I am now petrified of using an auto. Takes a long time for my habits to adjust
and I'll be slamming on for ages. Drivers round here like to drive with their
noses up your arse...

------
pn0
Every single car or truck I have ever owned has had standard transmissions.
Until recently. In the last 2 years, I have purchased a car and a truck and
they have automatic transmissions simply because a manual transmission was not
available. Like many (most?) people, I purchase used and had to take "stick
shift" off of my list of requirements because the selection dropped to near
zero. Definitely an end of an era.

Related: Though still available, it's getting harder and harder to find a
pickup with a full-sized bed (8ft).

------
peterjlee
I live in a urban city in the US and when I tried to learn how to drive a
manual I couldn't find a way. Most of my friends can't drive a manual or even
have a car and none of them own a manual. When I contacted a few local driving
schools for manual lessons, they replied they don't have any manuals on their
fleet but they'll teach me if I somehow bring my own. I might just move on and
just settle for a DCT on my next car since knowing how to drive at all will
become a lost art in a few decades.

------
shaydoc
I would like to see the stats for UK and Ireland, I imagine only about 3% are
automatic... The majority of cars are manual transmission here! And we drive
on the left hand side of the road.

------
emodendroket
The worst part about driving a manual car is any place where someone else has
to drive it (like say the mechanic's) they end up putting the seat like 2
inches away from the wheel.

------
eeeeeeeeeeeee
As someone that bought a VW (in the US) and specifically wanted a manual
(after having an automatic previously), this is sad. It was hard to find the
car I wanted, I had to make a road trip of it.

I prefer my manual transmission to the automatic Volkswagen's. I think the DSG
is just not quite ready for primetime. Especially in snow. Having a manual
transmission, even on a car without 4WD, is a huge advantage in snow (the DSG
won't let the car stall out, so it restricts how much you can downshift).

------
PeterStuer
Over here (Belgium) manual transmission (4 forward +1 reverse gear) was the
standard for decades. It still dominates the cheaper car bracket, but the
luxury segment has gone almost 100% automatic. What is left there is optional
manual shifting (by stick or F1 style steer paddles), but always with an
automated clutch. This evolution has also gradually allowed increasing the
number of gears, now not uncommonly 6, 7 or 9 gears forward. Modern automatics
are in practice more fuel efficient

------
westiseast
I got my first automatic here in China, mostly because it would be really hard
to sell an manual transmission car later on.
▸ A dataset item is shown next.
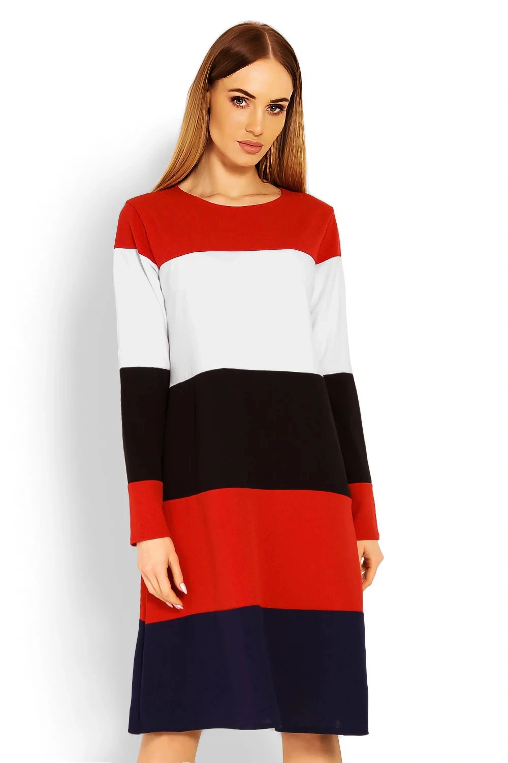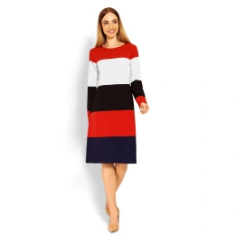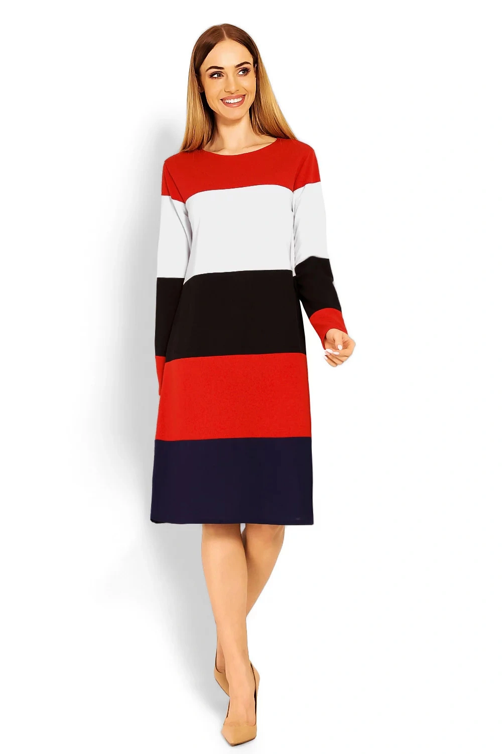 Zvolte sportovní eleganci a vyberte si jednoduché šaty v námořnických pruzích s kontrastním výstřihe

Honestly, I cannot see the point in a manual anymore. It's a part of the
mechanism of the car that I have no business dealing in and _should_ be
abstracted away. Like the choke in older cars. The idea that I'm somehow a
more inattentive driver now because I don't have to worry about the gear I'm
in is such complete nonsense.

------
reubenswartz
I'm one of the holdouts (but I had to special order the car). It's just more
fun to drive.

Hoping to skip the automatic gearbox and go straight to electric in a few
years.

------
sakopov
I drive a slightly modified 2016 WRX with CVT. I purchased the CVT version
because I'm almost always stuck in a bumper-to-bumper traffic. However, I
regret the decision every day. Every once in a while I throw it in manual and
use paddle shifters just to experience what an awesome and fast car it is
without the horribly slow CVT shifting in the way. It's been a year now and I
can't wait to trade for the manual.

------
zappo2938
I was living San Francisco when I got a job in Las Vegas. I needed to buy a
car to live in Vegas, I never owned a car before then. This is 1998 and I
bought a beautiful late eighties standard transmission Toyota pickup. I
already had my license for a few year but I really learned to drive with a
standard transmission living on a hill in Cole Valley for two weeks. Fun
times.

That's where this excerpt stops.